In the film Blackfella/Whitefella, much of the screen time is given over to Rrurrambu, whose flamboyant stage presence led to his characterization as a "Aborginal Bon Scott" (Scott was the lead singer of the Australian hard rock band AC/DC). Murray, as the other frontman, gets his share of camera time as well, and this is all within the conventions of the rock documentary. But in the long shots that capture the whole band, Gordon and Sammy Butcher strike me as more than unusually retiring. Their faces are almost always averted from the crowd and they give the first impression of being distinctly uncomfortable on the stage. Gordon Butcher looks up at the camera only as if to check whether it has turned its focus away from him. I was reminded of the Pintupi concept of kunta, which is variously translated as "shame" or "embarrassment," and is an appropriate behavior to exhibit when one is the center of attention in a group of people. I wonder if the feeling of being, literally, in the spotlight, could account for the Tjapanangkas' stage affect.

So it isn't just the obvious homeland anthem or the songs in language that make the Warumpi Band so important to me and to their other diehard fans. Yes, language was immensely important, and I can only imagine what people felt when they turned on the radio and heard rock 'n' roll in their native tongue. My command of Pintupi is limited to about two dozen words at best, most of them picked up on trips to Uluru. Anangu. Kata tjuta. Stuff like that. But when Rrrurrambu shouted "Anangu tjuta" in the middle of "Kintorelakutu" and I understood what he was saying, if only for an instant, it was a pretty amazing thrill for me.

But it's the intimacy of detail, the way that living with the Warumpis' music in my head continually enriches my readings and my experiences in Australia. How stories I hear suddenly make sense out of something in a song lyric, and vice-versa, and how that process continues after years, is what makes them important to me.
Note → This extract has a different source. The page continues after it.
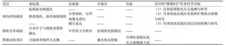 为了实现这些科研目标,嫦娥四号的中继星、着陆器和巡视器上装备了9台高科技设备载荷。包括6台国内载荷与3台国际合作载荷(见图表)。

At the end of Painting Culture, after Fred Myers has traced the development of Papunya Tula painting through three decades, he describes a homecoming of sorts in Sydney at the opening of the Genesis and Genius show. Fred is re-united after many years with his friends from the days at Yayayi, especially with Bobby West Tjupurrula. It's a very emotional section of the book; there's a sense of triumph for all parties involved, and it climaxes at the opening gala in the Art Gallery with the Warumpi Band playing one of their last gigs. When I read this, all I could think of was the conclusion of many a Shakespearian comedy, say, As You Like It, where all parties are reconciled, dissension put aside, and the music plays and the ensemble joins in a dance of celebration. Reflecting on the performance and its significance in light of the success of Papunya Tula, Fred has this to say, in part:

In ... its music, culture, and personnel, Warumpi was an expression of the emergent mixing of indigenous and white counterculture, a rejection of the Anglophilic or even the middle class--and in this lay the band's appeal for a new Australia rather similar to the appeal of the dot paintings. Both represent forms of collaboration between white and black, mixings of sensibility, a shifting of Aboriginal specificity into terms more easily assimilated within the sensibilities of the broader population. (Myers, Painting Culture, 350)

Or, to let the Warumpis have the final word:

Blackfella, whitefella
Yellafella, any fella
It doesn't matter what your colour
As long as you are true fella
Are you the one who's gonna stand up and be counted?